Жернова. 1918-1953. Вторжение - [29]

Шрифт
Интервал

Пивоваров провожал глазами падающий в море самолет со смешанным чувством удовлетворения и страха за возможные последствия. А вдруг он превысил меру самообороны? Что если немцы решили просто попугать советский сторожевик, а он, приказав маневрировать, сам подставил корабль под бомбы? Если бы шел прямо, ничего бы и не случилось.

Пивоваров понимал всю нелепость своих опасений, но именно так могло расценить его приказы начальство, если дело дойдет до дипломатического или еще какого-то там скандала. Разве немецкие самолеты впервые атакуют советские корабли? Правда, до бомбежек не доходило, но стрелять по кораблям стреляли, и один из командиров сейчас сидит в ожидании суда военного трибунала как раз за то, что ответил на огонь огнем и повредил немецкий «юнкерс».

Второй самолет, истратив боезапас, улетел.

Сторожевик медленно наполнялся водой: насосы не справлялись, пластыри не помогали, исправить рули можно только в доке. В довершение всего вышла из строя радиостанция, так что помощи ожидать было неоткуда.

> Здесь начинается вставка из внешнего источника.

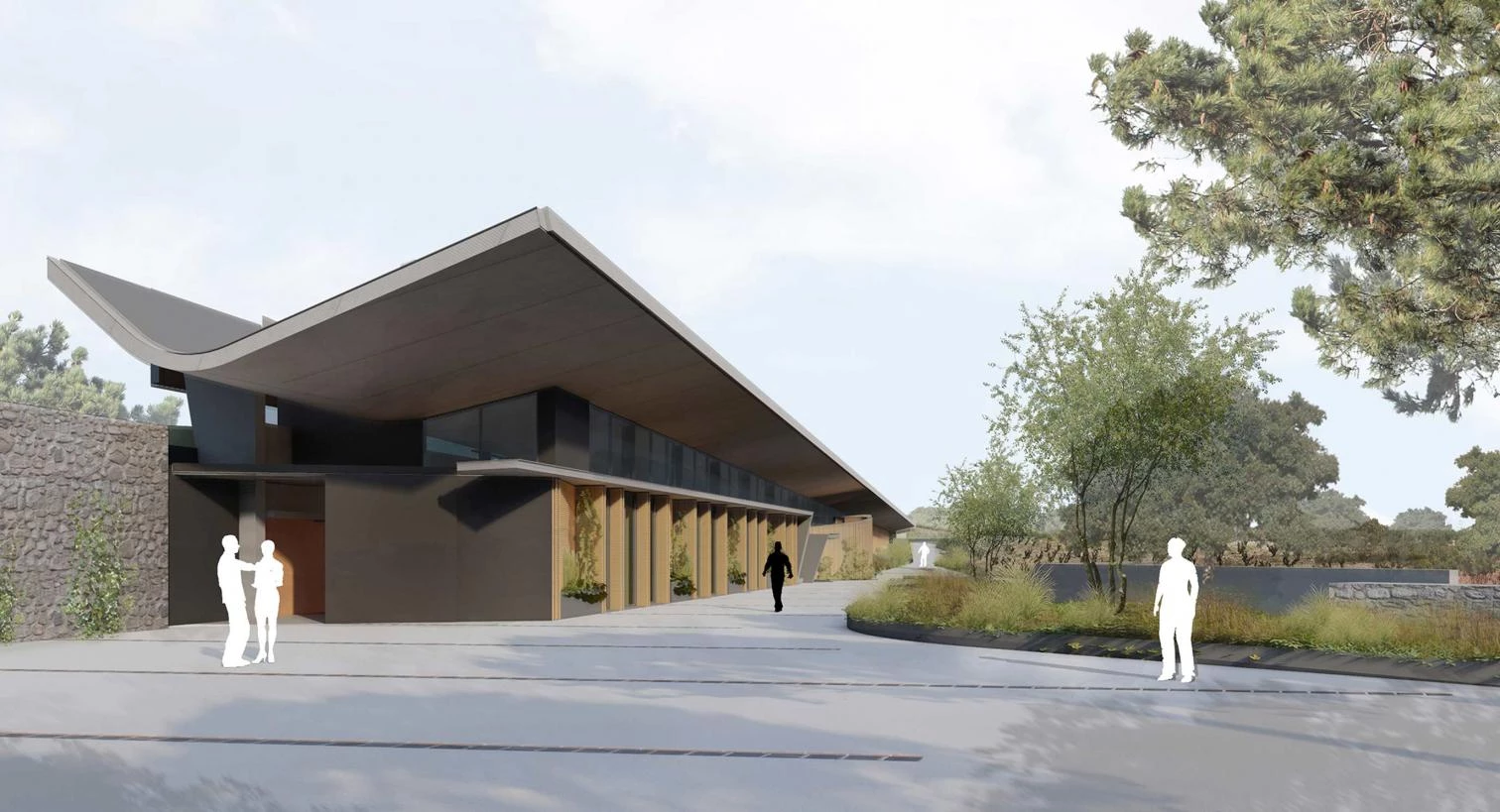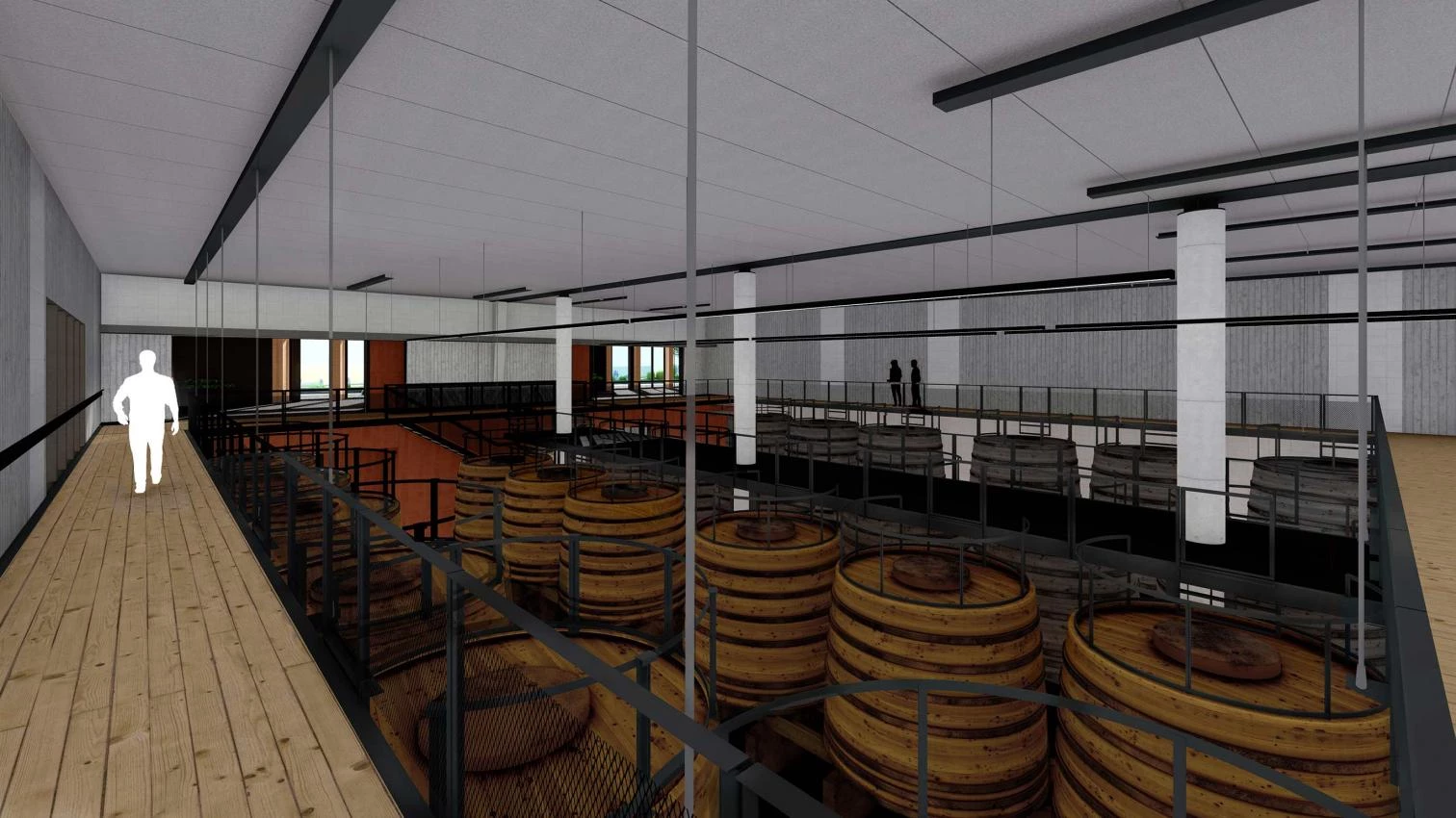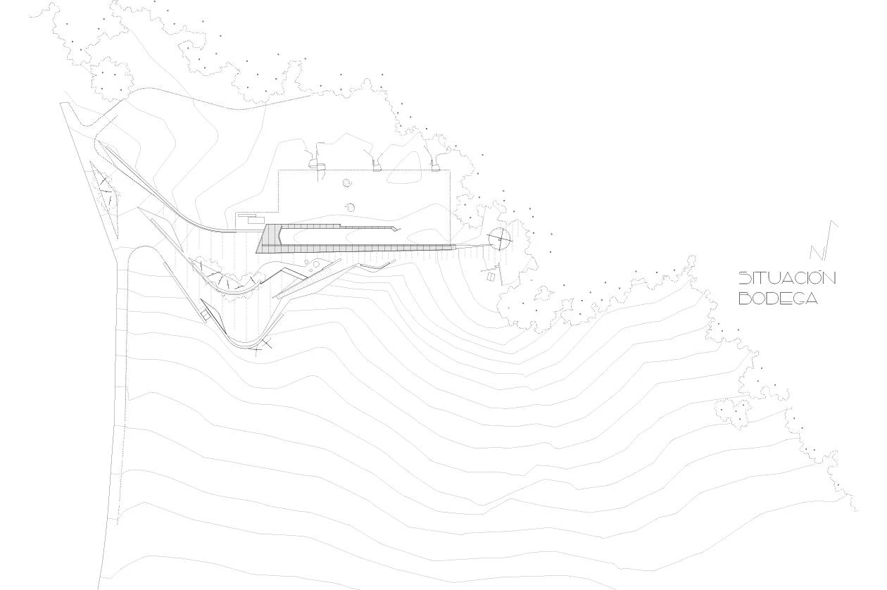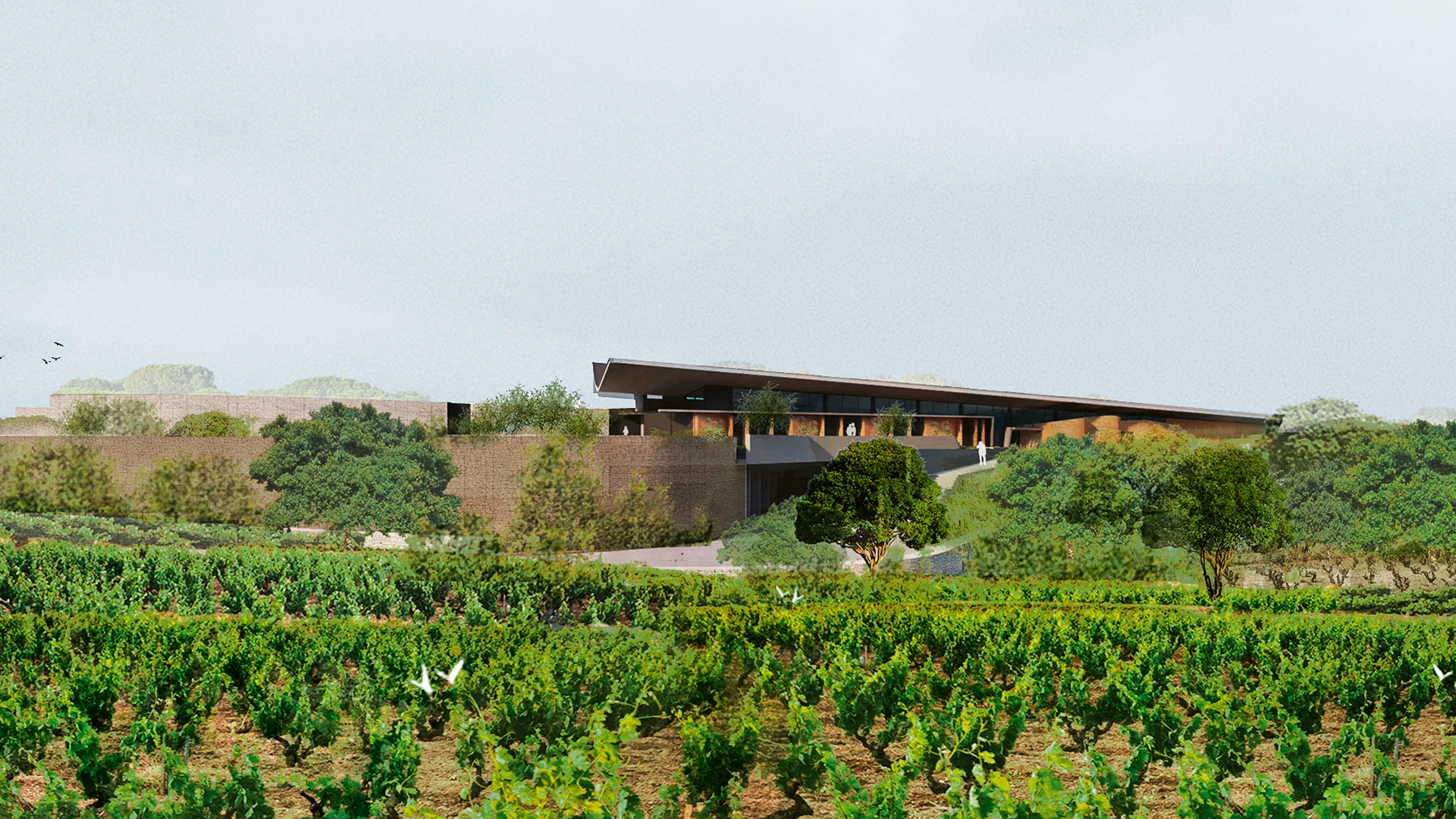 The new building is characterized by a curving concrete plane, the roof, which can take vegetation and come across as a continuation of the rural landscape. The project presents two types of air shafts, which close and open by means of hatches to regulate ventilation, air renewal, or drying at every step of the winemaking process. The interior spaces combine exposed concrete, using reeded formwork, with frames and claddings of Viroc board, wood-chip panels, and mass-colored cement. Completion of the works is scheduled for 2025.
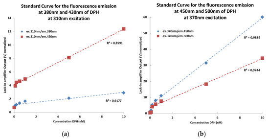 (a) Standard Curve of the sensor system with DPH in cyclohexane for the fluorescence emission at 380 nm and 430 nm at 310 nm excitation (BIX analysis). (b) Standard Curve of the sensor system with DPH solved in cyclohexane for the fluorescence emission at 450 nm and 500 nm at 370 nm excitation (FIX analysis).
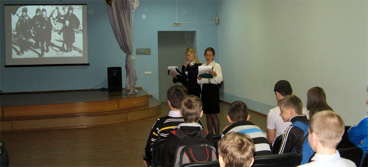 Для учащихся 7-х классов МАОУ СОШ №1 и студентов ГБПОУ ЗлатИК им. П.П. Аносова прочитаны вслух лучшие образцы художественной литературы, посвященные событиям Сталинградской битвы 1942-1943 гг. С большим вниманием подростки слушали отрывки из книг Анатолия Алексина «Человек с красным галстуком», Виктора Некрасова «В окопах Сталинграда» и другие. Данное мероприятие является еще одним этапом в патриотическом воспитании подрастающего поколения.
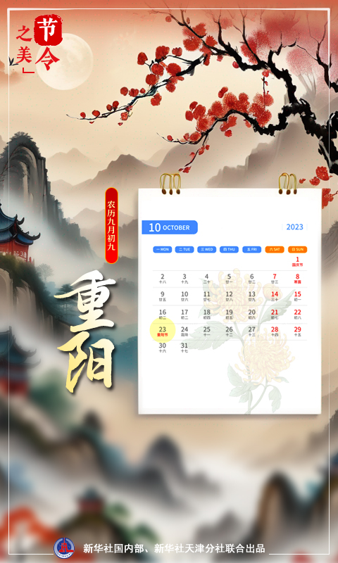 新華社天津10月22日電(記者周潤健)“九日黃花酒,登高會昔聞?!?0月23日,農(nóng)歷九月初九,重陽節(jié)。歲歲重陽,今又重陽。農(nóng)歷九月初九緣何是重陽?其中蘊含著怎樣的“數(shù)字密碼”?
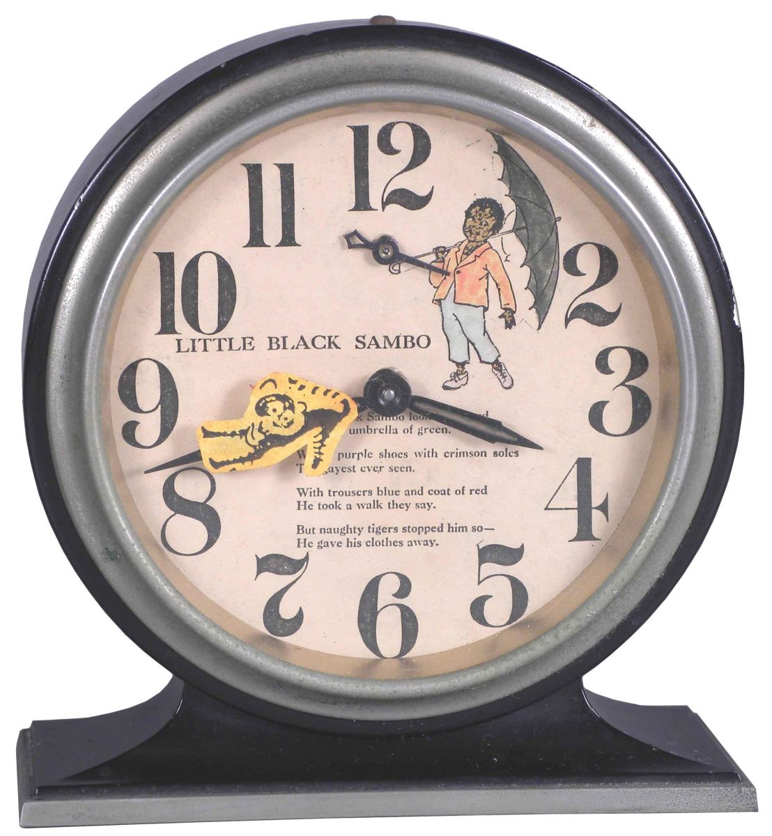Little Black Sambo Alarm Clock, patented 1931. With characters and poem. Very good working condition. 5 X 5 1/2 X 2 inches. Start Price $50
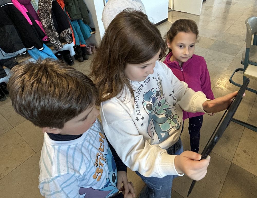 Sie scannten den QR-Code des Startbildes, hörten sich die Strophe an und suchten anhand des Inhaltes das nächste Bild. So ging es weiter, bis die Kinder die letzte und finale Zeichnung erreicht hatten. Abschließend wurde gemeinsam eine weiterführende Aufgabe gelöst, indem in partnerschaftlicher Zusammenarbeit passende Bilder zu den jeweiligen Textabschnitten geklebt wurden.
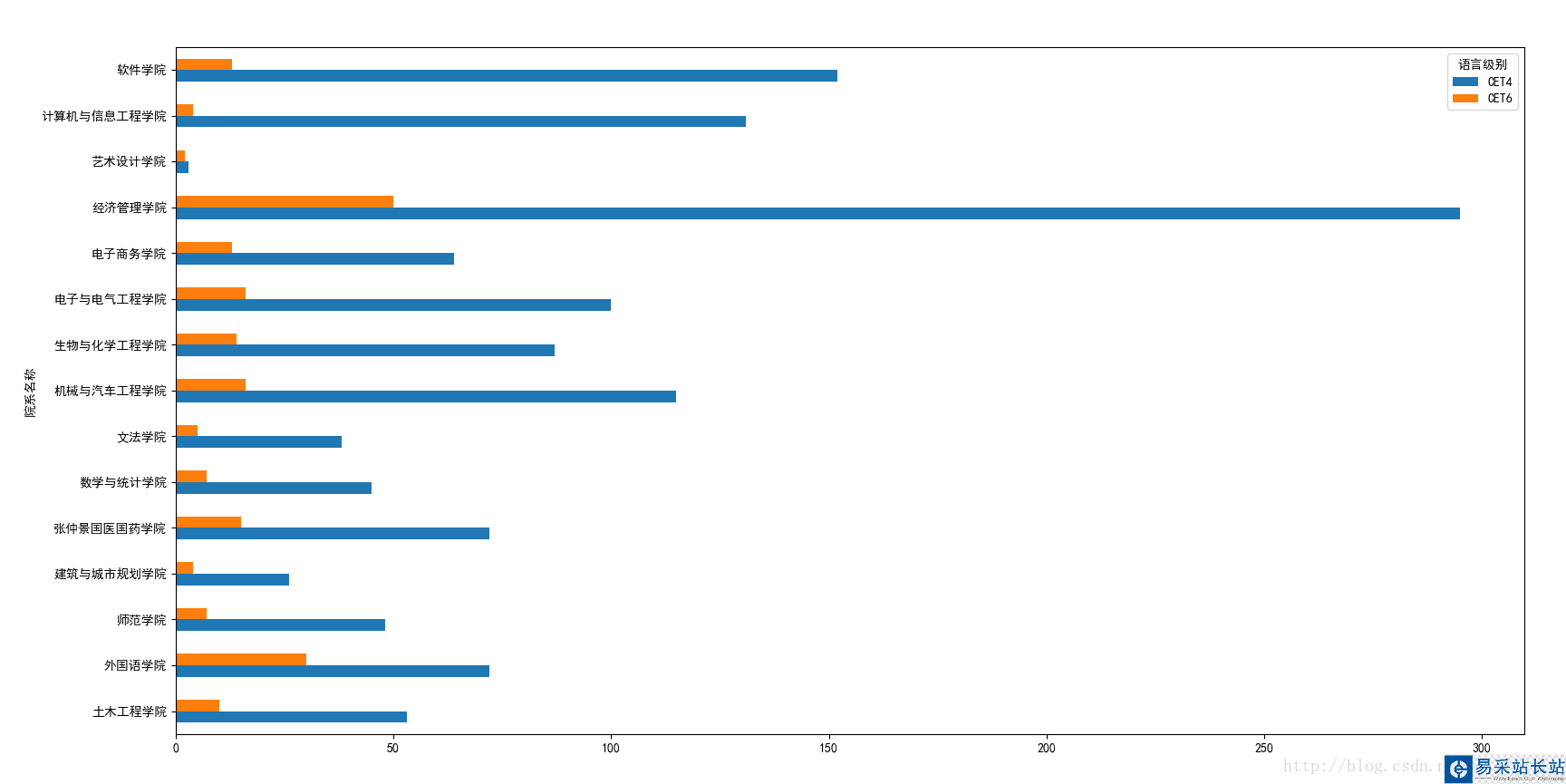 各個學院的四六級過關人數:
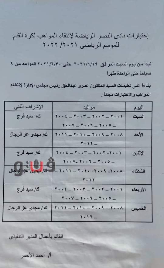 وأعلن نادي النصر إقامة اختبارات الناشئين 2021، مجانا من 19 يونيو الجاري حتى نهاية الشهر.
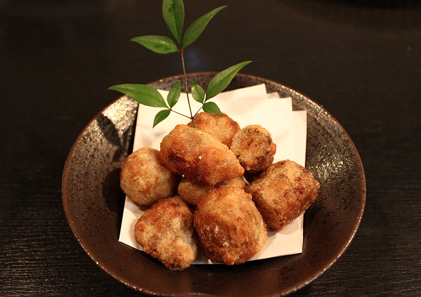 ニンニクを加えて唐揚げにすることで、お酒にもご飯にも相性抜群の「里芋(長兵衛)の唐揚げ」
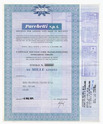Pacchetti SpA, certificati azionari nominativi
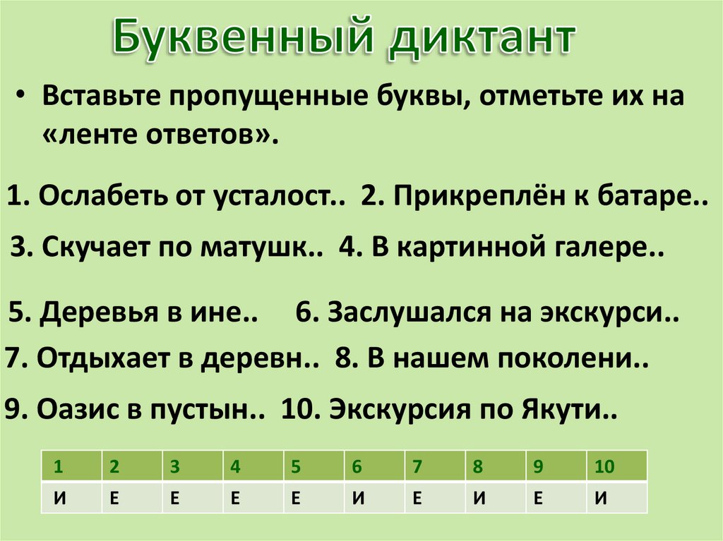 • Вставьте пропущенные буквы, отметьте их на«ленте ответов».
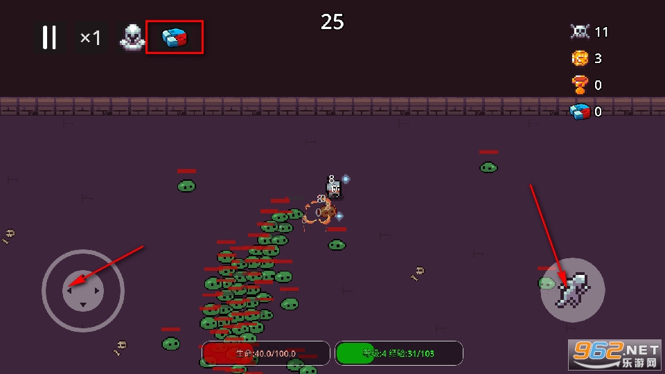 我们还需要回到打败敌人的路径上拾取敌人的金币和经验提升自己,也可以使用吸铁石道具来对掉落物品进行吸附。
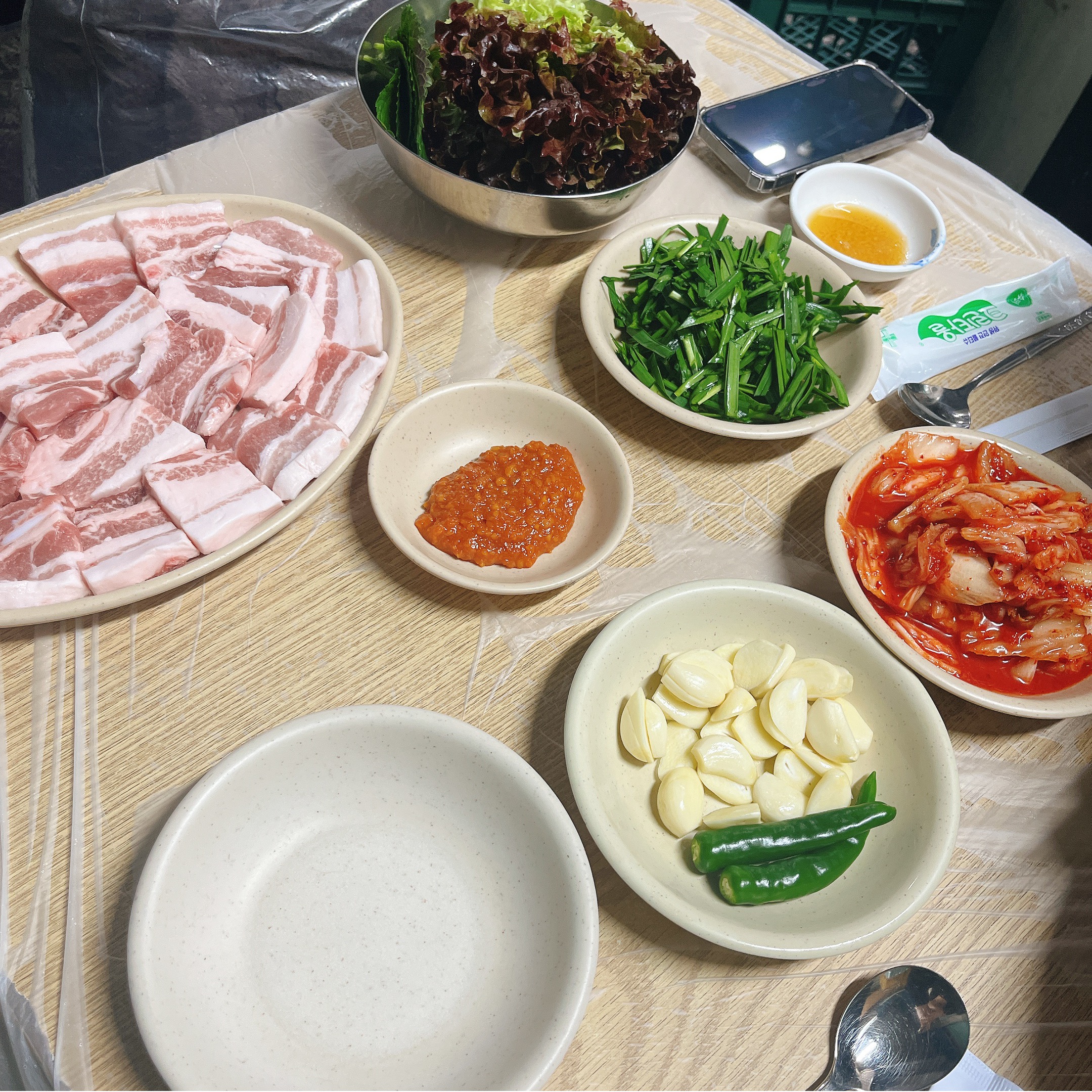 고기와 같이 구워 먹을 김치, 부추, 마늘, 고추, 쌈장, 듬뿍 담은 쌈과 함께 고기.. 맞이
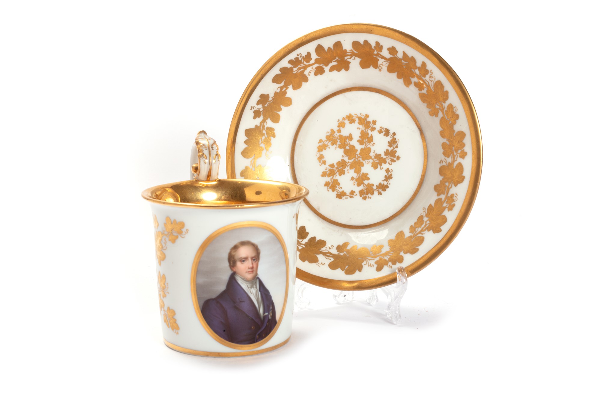 decorata in bianco e oro e dipinta con figura di gentiluomo a mezzo busto in ovaledecorata in bianco e oro e dipinta con figura di gentiluomo a mezzo busto in ovale

Надо было спасать команду. Спустили на воду шлюпки. На корабле уничтожили все, что можно было уничтожить: сняли замки с орудий, затворы с пулеметов, разбили радиостанцию, которая все равно не работала.

Пивоваров сошел с корабля последним.

И тут снова налетели самолеты, на этот раз целых шесть штук. Они быстро добили погибающий корабль и принялись за спасающихся на шлюпках моряков. Большего унижения и беспомощности ни Пивоваров, ни его товарищи в своей жизни еще не испытывали: самолеты кружили над ними, стреляли из пушек и пулеметов, а они могли ответить лишь из винтовок да одного ручного пулемета. Но это был слишком неравный бой — и через минуту все, кто остался жив, оказались в воде. А до берега около двух миль.

Самолеты улетели, решив, по-видимому, что не стоит тратить патроны на плавающих вдали от берега русских моряков: и так потонут.

Держась за обломки шлюпок и корабля, за немногие спасательные круги, помогая раненым, несколько часов добирались до берега. Из раненых, даже из тех, кто ранен был легко, до берега доплыл лишь один, остальные погибли от потери крови.

Наверное, ему, командиру, надо было действовать не так. Лучший выход — направить корабль к берегу сразу же, как только их атаковали самолеты. Отбились бы — хорошо, нет — сели бы на мель, сохранили людей, оружие, да и корабль потом можно было бы снять с мели и отремонтировать. Но разве он мог тогда подумать, что все кончится так, как оно кончилось?

Когда оставшиеся в живых обессиленные моряки добрались до берега, — а осталось их всего шесть человек, — то первых, кого они увидели, были немцы. Они стояли на песчаном берегу, рукава засучены по локоть, каски у пояса, воротники расстегнуты, — какая-то странная, почти опереточная и, в то же время, вполне органичная неряшливость делала немцев мало похожими на настоящих солдат. И все-таки это были солдаты, и стояли они на советской территории, показывая пальцами на плывущих моряков и покатываясь со смеху. Здоровые, сильные, вооруженные.

Почему он, Пивоваров, не пошел ко дну? Что удержало его на поверхности, заставляя плыть и плыть из последних сил последние метры? Под этот унизительный смех, под автоматные выстрелы, когда фонтанчики от пуль взлетали у самого лица… А однажды пуля, потеряв свою силу в воде, упала ему на руку и застряла между пальцами, он брезгливо отряхнул ее с руки и видел, как она, виляя, уходила в глубину, точно растворяясь в зеленой воде.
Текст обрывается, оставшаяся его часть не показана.